I shared it with my children during family worship. It lifted us up.
Warmly, Kari.

Monday, March 7, 2011

Finding God's Vision

For several years I led an organization that asked two questions: “What is God’s vision for your life?” and, “How can we help you fulfill God’s vision?” Some churches are beginning to ask these questions regarding those who attend. They are, I believe, the right questions. Unlike the institutional and program oriented question, “How can you help our church?” these questions help people discover the transforming dynamic of God that changes their lives and the world. Most people have an innate sense that God has a vision and purpose for their life. At the same time, most people have difficulty finding God’s vision and living it.

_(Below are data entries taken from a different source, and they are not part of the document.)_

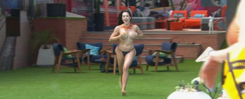 Participante do BBB 24 corre na área externa da casa usando apenas um biquíni fio dental e um colar. Imagem de reality show.
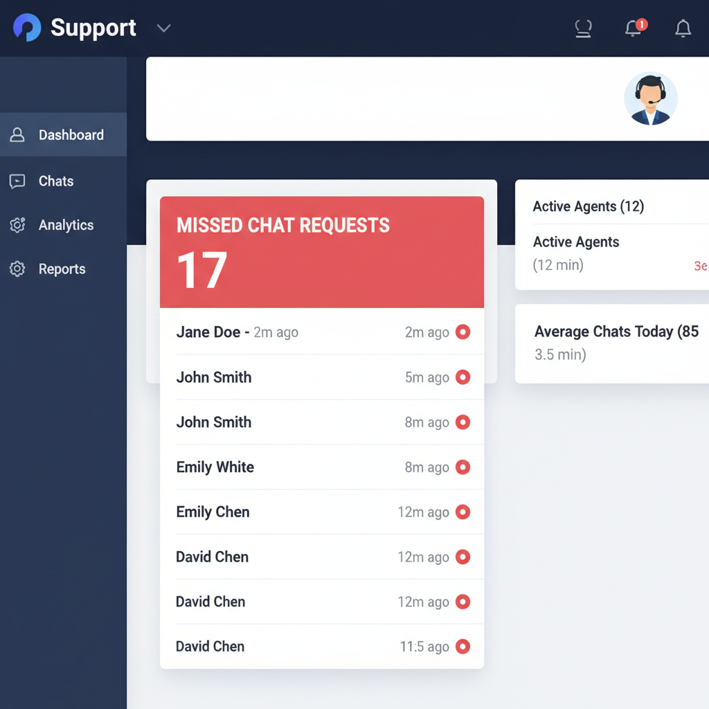 Alt text: Support dashboard showing multiple missed urgent chat requests, exemplifying the failures of instant support tools.
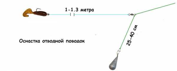 Отводной поводок представляет из себя оснастку из основной лески, на конце которого расположено грузило, а также из поводка с приманкой (блесной, джиг-приманкой, воблером). Главным преимуществом оснастки “отводной поводок” является его чувствительность, а также зона проводки приманки (вблизи дна).
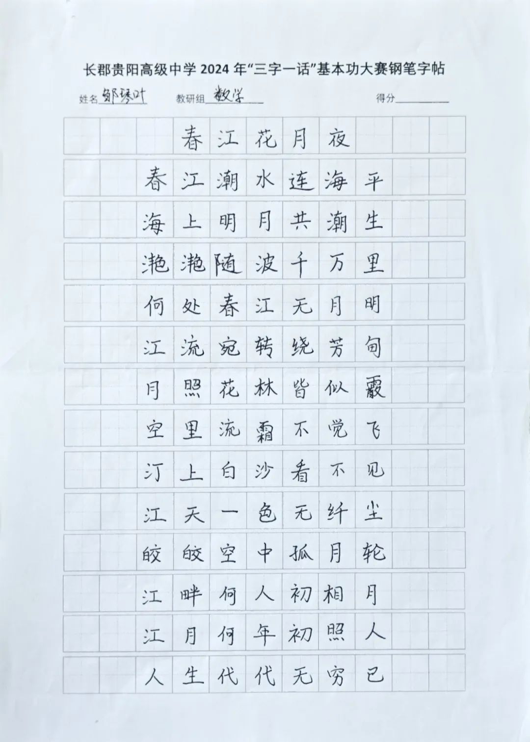 为深入贯彻落实中央、省、市关于新时代教师队伍建设改革实施意见精神、传承和弘扬教育家精神,进一步强化教学技能、夯实基本功、提升教师专业素养,长郡贵阳高级中学于2024年6月举办了2024年教师“三字一话”基本功大赛。
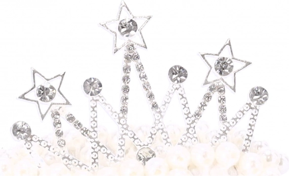 - Aspect stilat: perle și detaliu de coroană pentru un aer discret festiv.
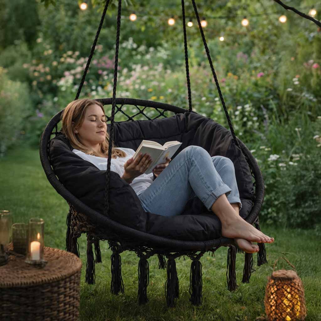 DO DOMU, OGRODU I NA TARAS - Huśtawkę można zawiesić w różnych miejscach, dzięki czemu łatwo dopasować ją do przestrzeni i własnych potrzeb. Dobrze prezentuje się w salonie, sypialni, na tarasie oraz w ogrodzie. Jej nowoczesna forma i stonowany kolor pomagają wkomponować ją zarówno w przytulne wnętrza, jak i w strefę wypoczynku na świeżym powietrzu, tworząc przyjemne miejsce do codziennego użytkowania.

Two weeks ago I spent the weekend with a relatively new church in Wisconsin that is learning to ask these questions. The church started ten years ago with two hundred people present. Ten years later more than 1,400 gather each weekend at Jacobs Well in Eau Claire. During lunch I sat beside a woman who was obviously very involved and comfortable at the church. I asked if she was a staff member. She laughed and said, “No, I am a volunteer.” I later learned that two years ago she was addicted to drugs and battling depression.

A few years ago I visited the Harley Davidson factory in Kansas City. We wanted to learn what made Harley Davidson tick (or rumble) and why this company had made such a dramatic turn around. We visited the teams assembling the bikes and met with their managers. We listened to one of their young executives who introduced himself as “a disciple of Jesus Christ disguised as a Harley Davidson executive.”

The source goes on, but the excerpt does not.